Since my confidence level is 0.05 and my p-value of 0.0027 < 0.05, I can reject the null hypothesis that the mean weekly earnings for the population of women at the company is μ=$500.

#Then I take the t-statistic result (-3) and the degrees of freedom by taking "sample size - 1" or ("9" - 1) = 8.

pval4a <- pt(-3, 8)

pval4a
[1] 0.008535841
pval4b <- pt(-3, 8, lower.tail=FALSE)

pval4b
[1] 0.9914642

Per the hint, I can confirm that these are logical answers by adding the two probabilities together and confirming they equal 1:

pval4a+pval4b
[1] 1

Question 5

Jones and Smith separately conduct studies to test H0: μ = 500 against Ha : μ ≠ 500, each with n = 1000.

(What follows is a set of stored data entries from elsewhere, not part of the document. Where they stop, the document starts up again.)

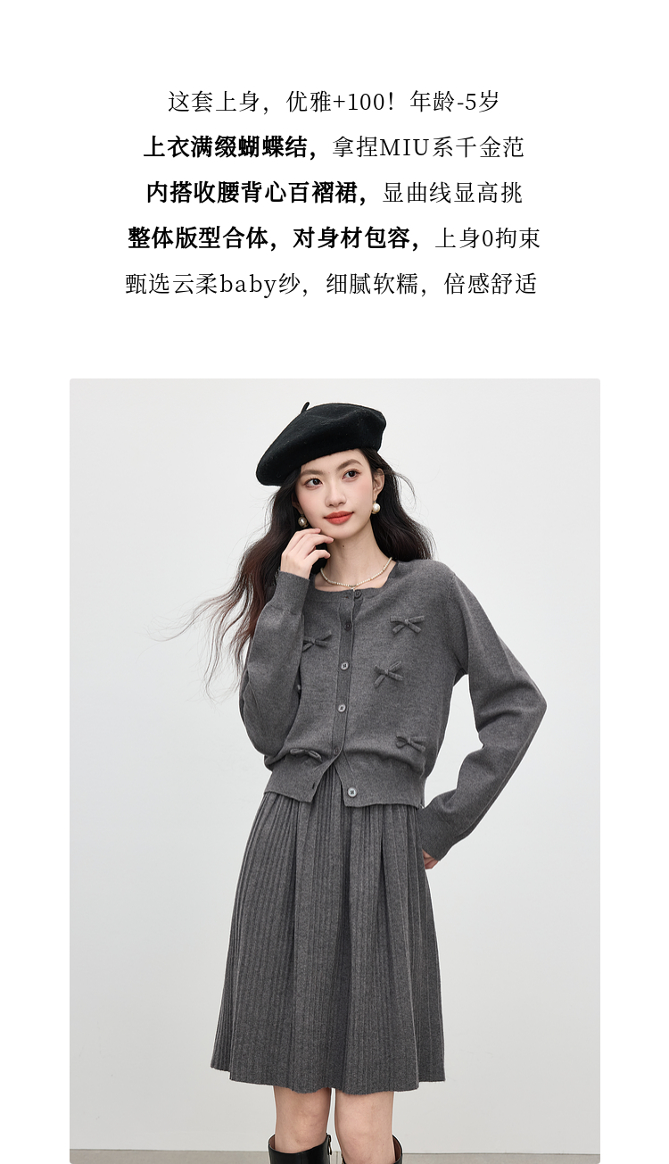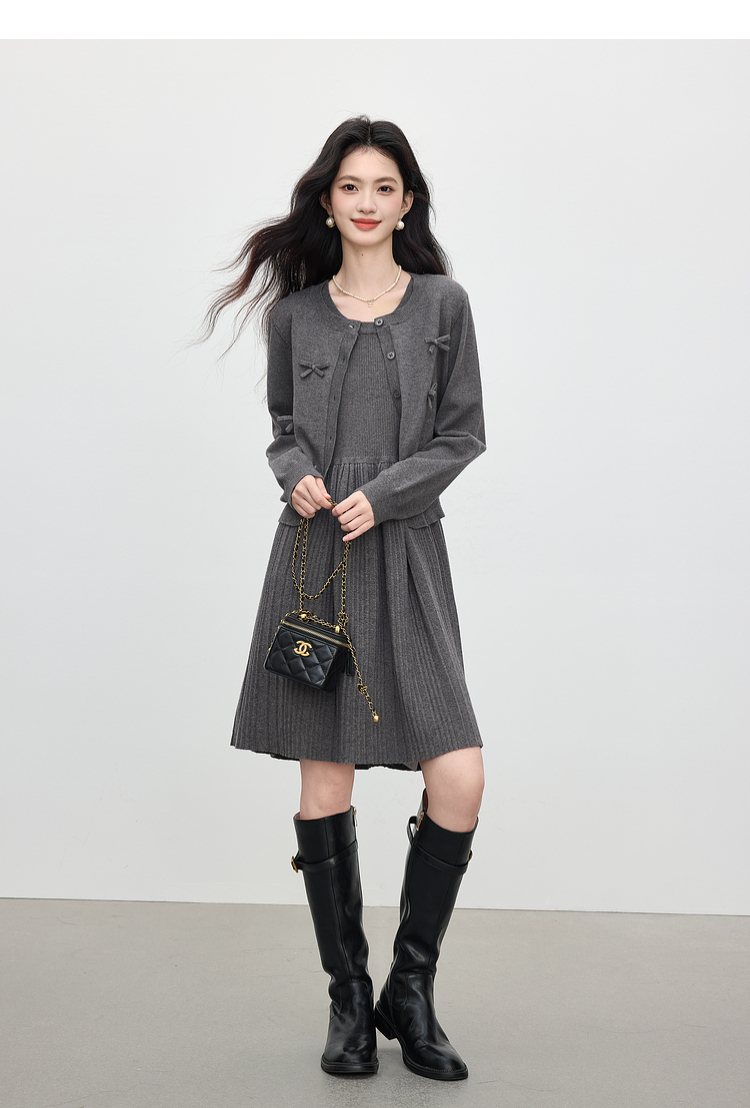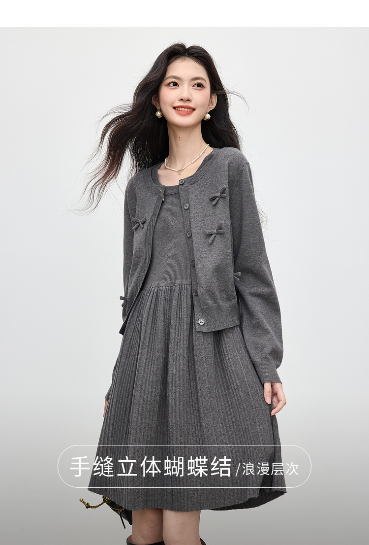【09/03新品】熙世界格雷系灰色针织开衫连衣裙套装女秋季新款毛衣百褶裙两件套
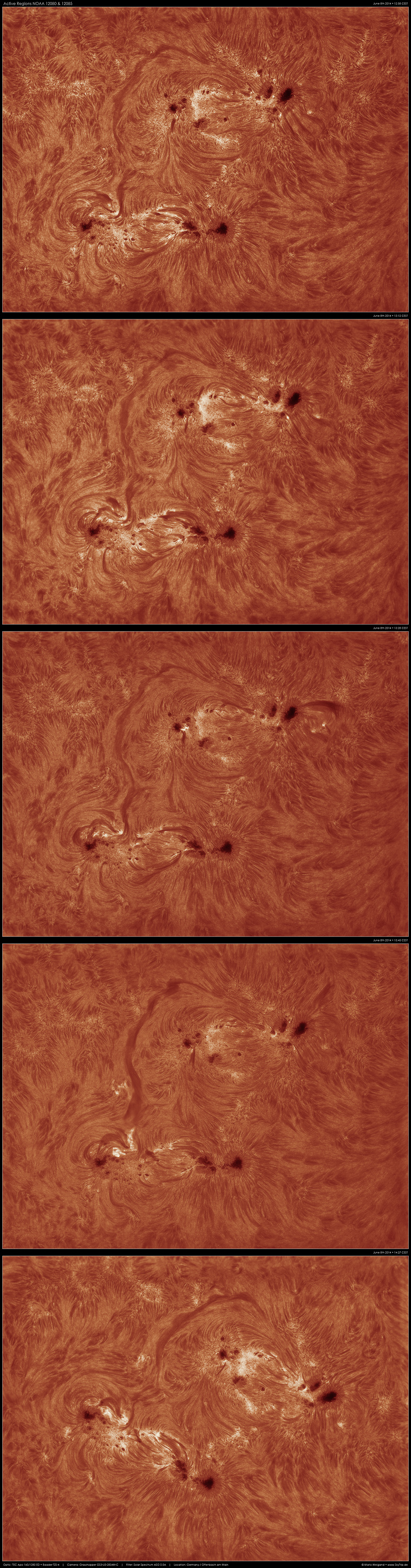 : Anfang Juni gab es zwei spannende aktive Regionen, die beide in das Gesichtsfeld meiner Grasshopper 3 Kamera passten. Diese kleine Bilderserie zeigt, wie schnell sich Strukturen in der Chromosphäre verändern können.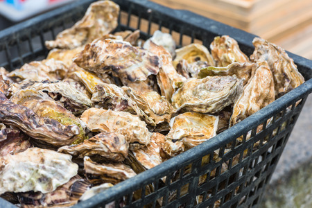 Fresh catch of raw oysters in wooden box at retail display of fisherman market, close up, high angle view

Jones gets ȳ = 519.5, with se = 10.0. Smith gets ȳ = 519.7.

Answer 5

#Test statistic for Jones:

ybar5a <- 519.5
n5 <- 1000
a5 <- 500
se5 <- 10.0

t5a <-(ybar5a-a5)/(se5)

t5a
[1] 1.95
#Test statistic for Smith:

ybar5b <- 519.7
n5 <- 1000
a5 <- 500
se5 <- 10.0

t5b <-(ybar5b-a5)/(se5)

t5b
[1] 1.97
#For Jones' results:

pval5a <- pt(1.95, 999, lower.tail = FALSE) * 2

pval5a
[1] 0.05145555
#For Smith's results:

pval5b <- pt(1.97, 999, lower.tail = FALSE) * 2

pval5b
[1] 0.04911426

Hypothesis tests tell us that if the p-value < α, we reject H0 and if p-value ≥ α, we do not reject H0. Given this general statistical guidance, only Smith’s results would be considered “statistically significant”.

Question 6

Are the taxes on gasoline very high in the United States? According to the American Petroleum Institute, the per gallon federal tax that was levied on gasoline was 18.4 cents per gallon. However, state and local taxes vary over the same period. The sample data of gasoline taxes for 18 large cities is given below in the variable called gas_taxes.

gas_taxes <- c(51.27, 47.43, 38.89, 41.95, 28.61, 41.29, 52.19, 49.48, 35.02, 48.13, 39.28, 54.41, 41.66, 30.28, 18.49, 38.72, 33.41, 45.02)

Answer

To answer whether there is enough evidence to conclude at a 95% confidence level that the average tax per gallon of gas in the US in 2005 was less than 45 cents, we need to use a left-tailed t-test. We will use the sample data in the variable “gas_taxes” in the t.test function. We know that the t.test() function uses the 95% confidence interval as a default, but it also uses a two-sided test as the default, so we need to provide the alternative argument “less”, indicating a left-sided test.

gas_taxes <- c(51.27, 47.43, 38.89, 41.95, 28.61, 41.29, 52.19, 49.48, 35.02, 48.13, 39.28, 54.41, 41.66, 30.28, 18.49, 38.72, 33.41, 45.02)

t.test(gas_taxes, alternative = "less")

    One Sample t-test

data:  gas_taxes
t = 18.625, df = 17, p-value = 1
alternative hypothesis: true mean is less than 0
95 percent confidence interval:
     -Inf 44.67946
sample estimates:
mean of x 
 40.86278 

This t-test gives us a confidence interval of [inf - 44.67946]. Since the confidence interval includes amounts that are all less than 45 cents, we have enough evidence to conclude that, at that confidence level, the average tax was less than 45 cents.